What you have to do
Restate the data word for word. Leave the pictures out.

Input data
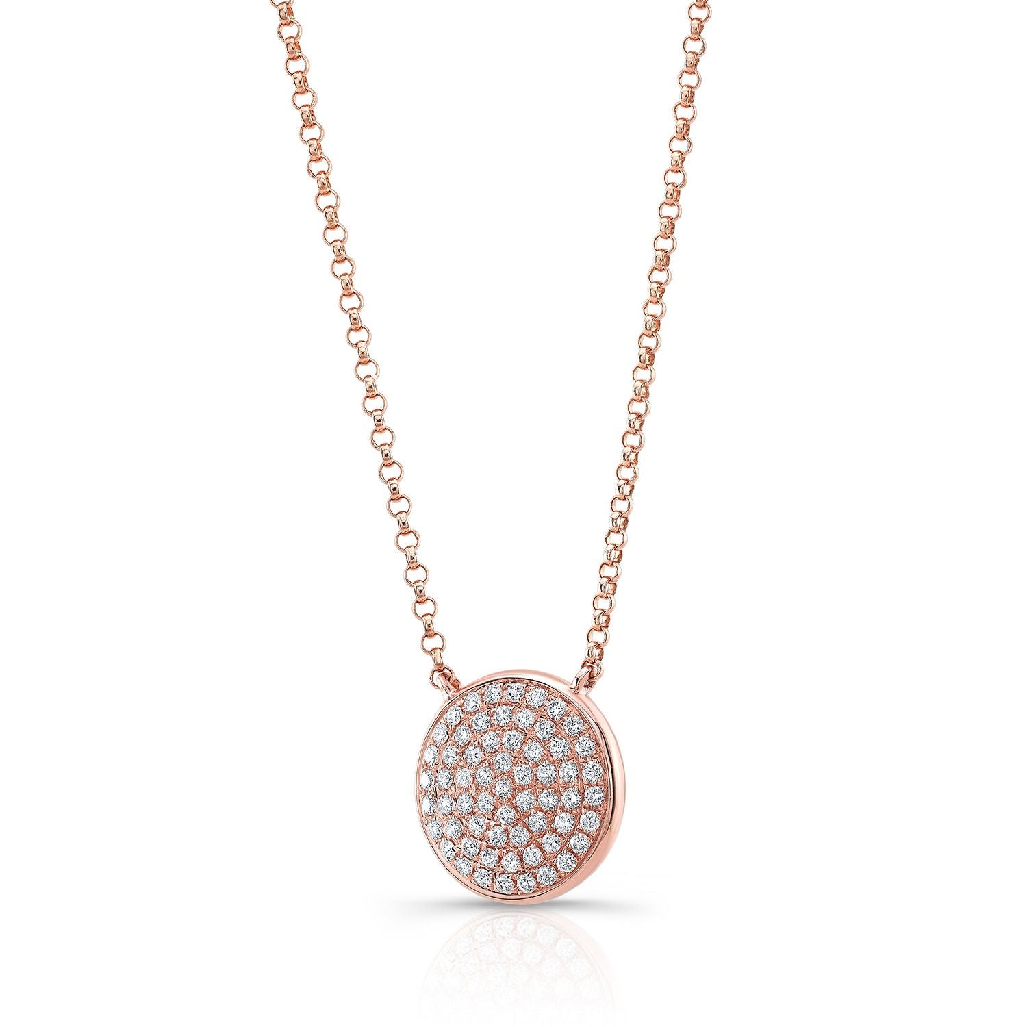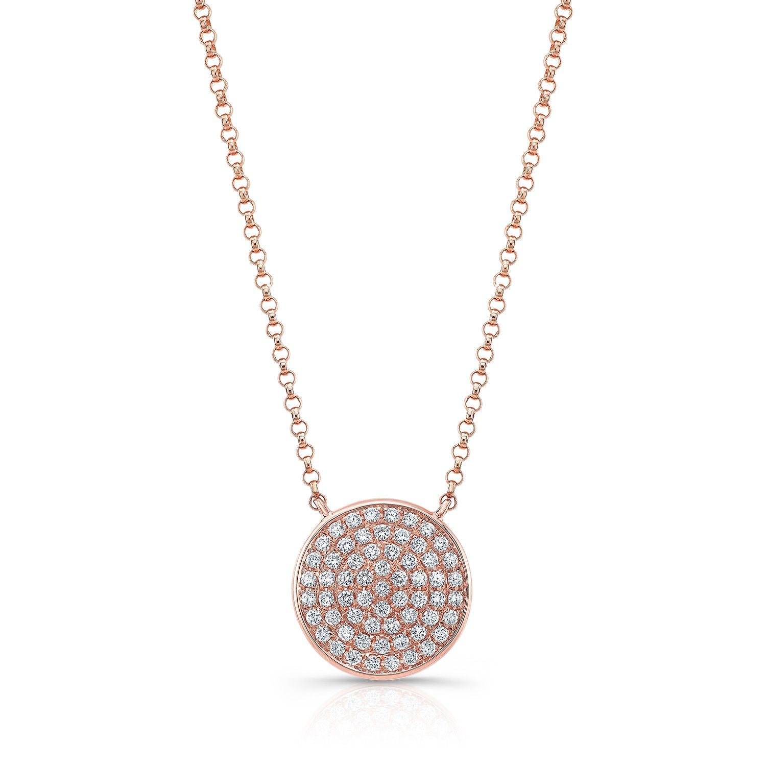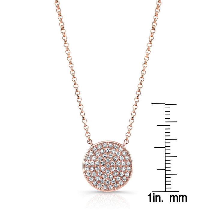 Diamond Pave Round Disk Necklace In 14k Rose Gold, 18 Inch
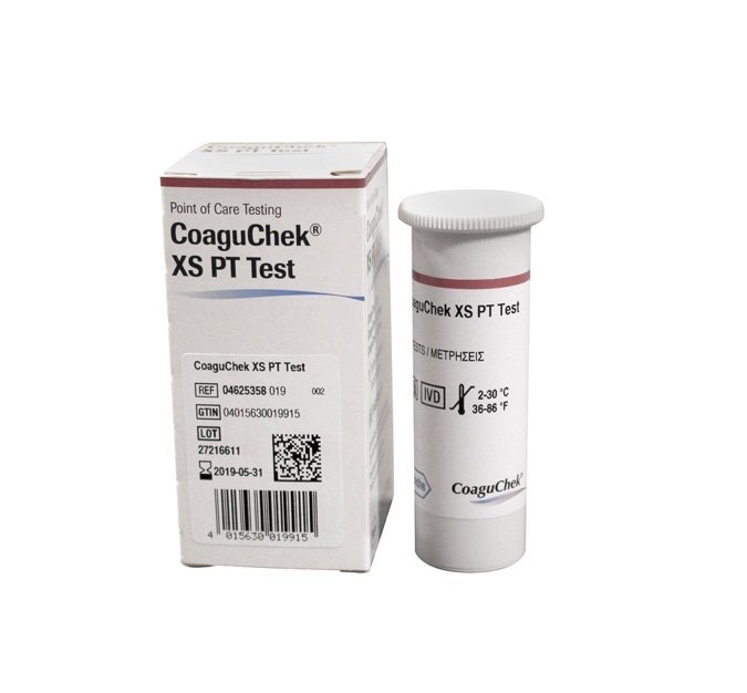 Eveneens leverbaar: CoaguChek XS teststrips; flacon à 24 suks
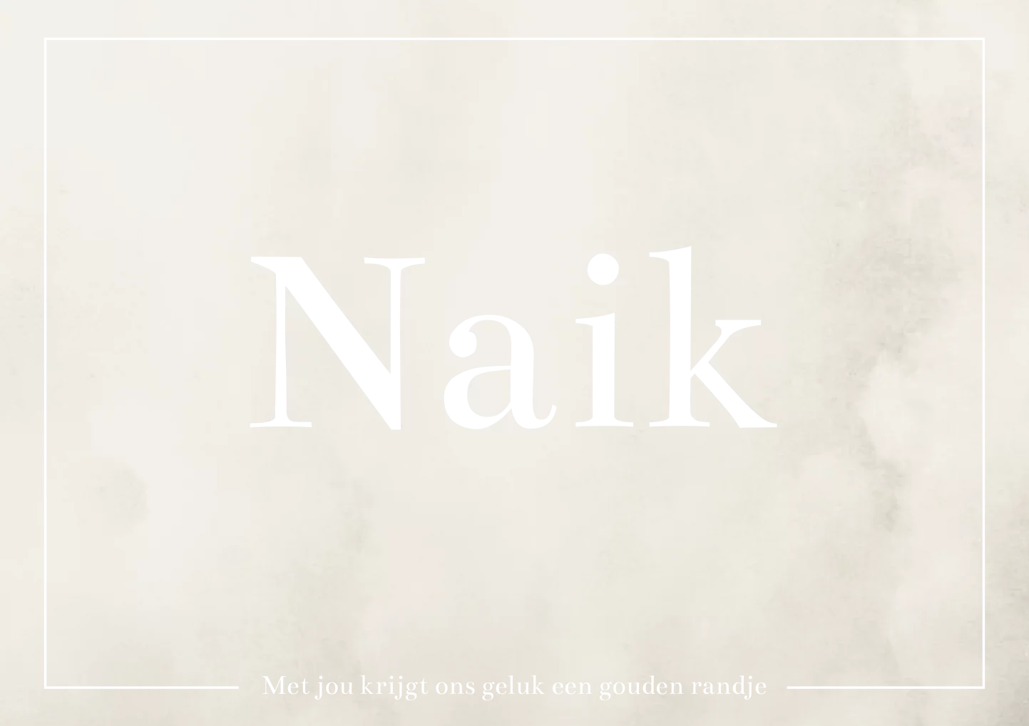 Stijlvolle beige gewolkte kaart in aquarel stijl met een gouden randje om de kaart en de toepasselijke tekst: Met jou krijgt ons geluk een gouden randje. Kaart Naik Sem is makkelijk aanpasbaar in onze editor, zodat het geheel past bij de stijl van jouw babykamer.
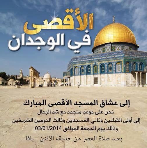 وصل موقع يافا 48 دعوة صادرة عن الوحدة الادارية في الحركة الاسلامية بمنطقة المركز تدعو من خلالها أهالي مدينة يافا للمشاركة في شد الرحال للمسجد الأقصى المبارك، والمشاركة في اللقاء الشهري الذي يُقام في المسجد الأقصى في أول كل شهر.

Completed task
 Diamond Pave Round Disk Necklace In 14k Rose Gold, 18 Inch
 Eveneens leverbaar: CoaguChek XS teststrips; flacon à 24 suks
 Stijlvolle beige gewolkte kaart in aquarel stijl met een gouden randje om de kaart en de toepasselijke tekst: Met jou krijgt ons geluk een gouden randje. Kaart Naik Sem is makkelijk aanpasbaar in onze editor, zodat het geheel past bij de stijl van jouw babykamer.
 وصل موقع يافا 48 دعوة صادرة عن الوحدة الادارية في الحركة الاسلامية بمنطقة المركز تدعو من خلالها أهالي مدينة يافا للمشاركة في شد الرحال للمسجد الأقصى المبارك، والمشاركة في اللقاء الشهري الذي يُقام في المسجد الأقصى في أول كل شهر.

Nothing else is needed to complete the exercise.